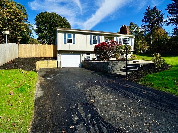 Completely remodeled raised ranch with double foyer entrance sitting beautifully at the end of a newly paved driveway on a retreat lot offering privacy and large front, back and side yard. Hardwood flooring with raised hearth brick fireplace on the first level. Open concept floor plan combining living room, dining room and kitchen. Kitchen with new cabinets, granite island and countertops. All new stainless steel appliances. Brand new full bath, three bedrooms newly carpeted and new windows throughout. New roof. New lighting schedule. One step from the kitchen to a large fenced in backyard. In a neighborhood with great access to route one and shopping. Very bright lower level is a walkout with two rooms and one with a second raised fireplace. Lower level has a storage area which has the utilities and new oil tank, new heating system, town water and private well and town sewer. Good sized one car garage with newly finished flooring. Plenty of room for a car and lawn equipment/lawn furni
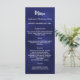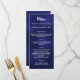 Carte de menu de dîner de fête de Noël. Personnalisez et ajoutez un nom/événement, une date et le menu. Un fond bleu foncé, bleu marine, texte blanc. La couleur bleue est inégale.
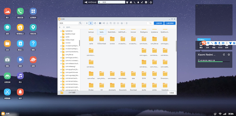 AirDroid 是在全球范围都备受好评的 Android 设备管家,在电脑可以接收设备的通知、回复短信,电脑与设备高效互传文件,远程控制功能更能实现电脑完全控制 Android 设备。
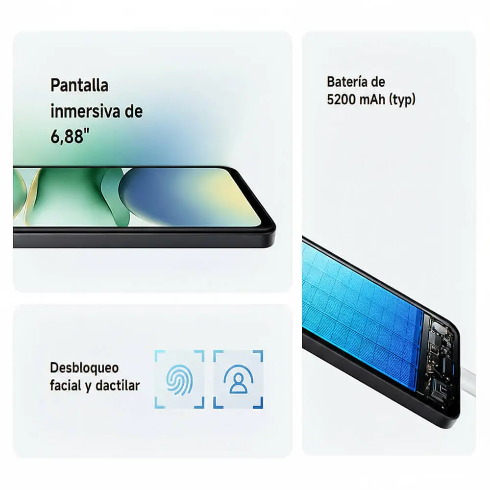 El Xiaomi Redmi A5 está diseñado para los usuarios que no quieren perderse ningún detalle. Su característica más llamativa es su pantalla de 6.88 pulgadas, una de las más grandes de su categoría, que convierte la navegación y el consumo de vídeo en una experiencia totalmente inmersiva. Su acabado en color negro le otorga un aspecto sobrio y profesional que encaja en cualquier situación.

---*---

◆ What you will do:
Copy everything above from the line holding "Carte de menu" down to the line holding "AirDroid 是在全球范围都备受好评的 Android", both ends included, exactly as it stands and without the pictures.

◆ Worked solution:
 Carte de menu de dîner de fête de Noël. Personnalisez et ajoutez un nom/événement, une date et le menu. Un fond bleu foncé, bleu marine, texte blanc. La couleur bleue est inégale.
 AirDroid 是在全球范围都备受好评的 Android 设备管家,在电脑可以接收设备的通知、回复短信,电脑与设备高效互传文件,远程控制功能更能实现电脑完全控制 Android 设备。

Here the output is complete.